| High Tide, Winter | Oil on panel, 9 x 12”, © Mary Bentz Gilkerson

| High Tide, Winter | Oil on panel, 9 x 12”, © Mary Bentz Gilkerson

As an artist who paints the coast, water is one of my sources of inspiration. I love being close to it and the changing tides.

The way it changes with the light is mesmerizing, and I’m always looking for better ways to capture that in paint.

But like lots of artists I used to get caught up in some really common mistakes like using the same blue or grey color for the whole area of the water.

And not thinking about the effects of the land and sky on the values and reflections in the water.

Two things got me past all that.

The first is relatively easy but takes time, and that’s observing water so that you understand how it works.

Steamboat Landing, Edisto Island

Steamboat Landing, Edisto Island

I spend a lot of time watching water in all its forms in all kinds of weather.

But what if you’d like to speed that process up?

The second step I took was one a former professor suggested a long time ago.

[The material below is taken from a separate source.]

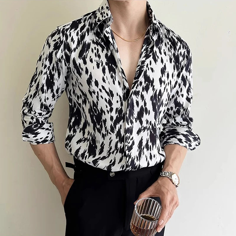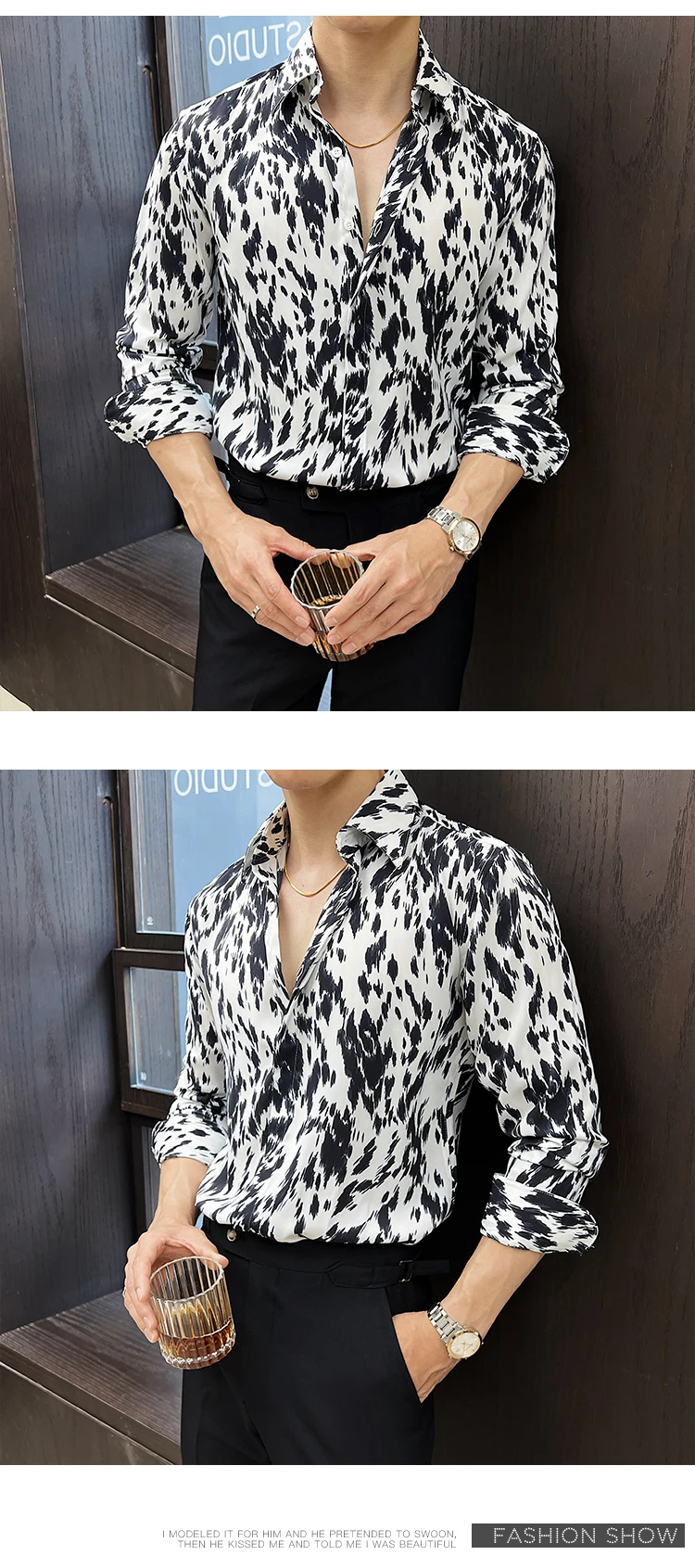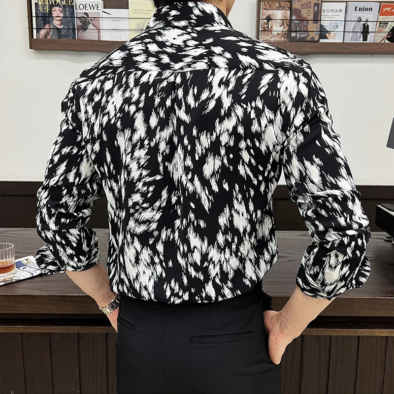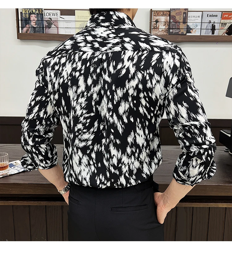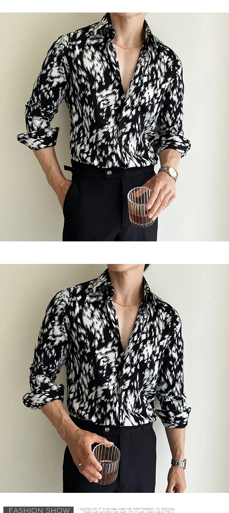 WIAOFELLAS  -  Fashion Handsome Long Sleeved Men Floral Shirts Trendy Korean Style Slim Button Printed Shirt Streetwear All Match Mens Clothing

He said for any problem we faced as artists we could find the solution to it in the work of past artists.

To shorten that learning process, look at how other artists in the past have dealt with the problem of creating the illusion of water.

So here are the three key things I’ve learned from artists like Winslow Homer. These three are the most important to translating paint into the illusion of moving liquid.

Winslow Homer,

Winslow Homer, “The Gulf Stream”, ca. 1899, oil on canvas

Flow & Movement

  • The movement in water is determined by the direction of it’s flow
  • The faster the movement, the more ripples and white water there will be and fewer reflections
  • Less movement equals a more reflective surface
Winslow Homer,

Winslow Homer, “Sunset”, ca. 1875, oil on canvas


  • Reflections have lower contrast than what they’re reflecting.
  • Reflections are impacted by perspective
  • Paint reflections down from the source

Color & Value

  • Look for the overall value pattern in the water, the big shapes, and realize they’re connected to the land
  • Include the colors used in the sky and land in the water as well

So where am I now on painting water?

“Spanish Hammock, Summer Storm”, oil, 18 x 24”, © Mary Bentz Gilkerson

“Spanish Hammock, Summer Storm”, oil, 18 x 24”, © Mary Bentz Gilkerson

Being in the Lowcountry gives me lots of opportunities to watch and paint the water, from the ocean to meandering rivers, creeks and still swamps.

But looking at how other artists have dealt with those same challenges certainly gave me a head start.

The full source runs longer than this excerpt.